* Data provided *
-*-

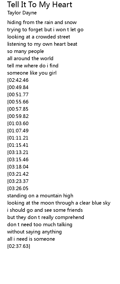 Tell It To My Heart Lyrics
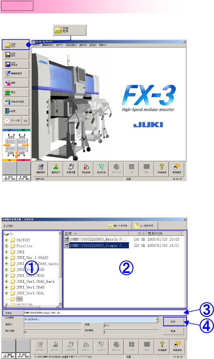 操作手册 Rev00 2- 4 ① 选择命令按钮 。 ② 显示打开文件的画面。请选择生产程序。 <步骤> ① 选择文件夹。 ② 选择文件。 ③ 确认文件名。 ④ 选择「打开」 。 Step3 读入生产程序
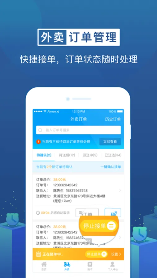注:本应用会开启定位功能,需要在后台持续进行GPS定位,该定位功能用于商家配送外卖时需要获取商家用户的店铺地理位置,这可能会过快消耗您的电量。

-*-

The task calls for repeating each line above exactly while excluding the pictures.

 Tell It To My Heart Lyrics
 操作手册 Rev00 2- 4 ① 选择命令按钮 。 ② 显示打开文件的画面。请选择生产程序。 <步骤> ① 选择文件夹。 ② 选择文件。 ③ 确认文件名。 ④ 选择「打开」 。 Step3 读入生产程序
注:本应用会开启定位功能,需要在后台持续进行GPS定位,该定位功能用于商家配送外卖时需要获取商家用户的店铺地理位置,这可能会过快消耗您的电量。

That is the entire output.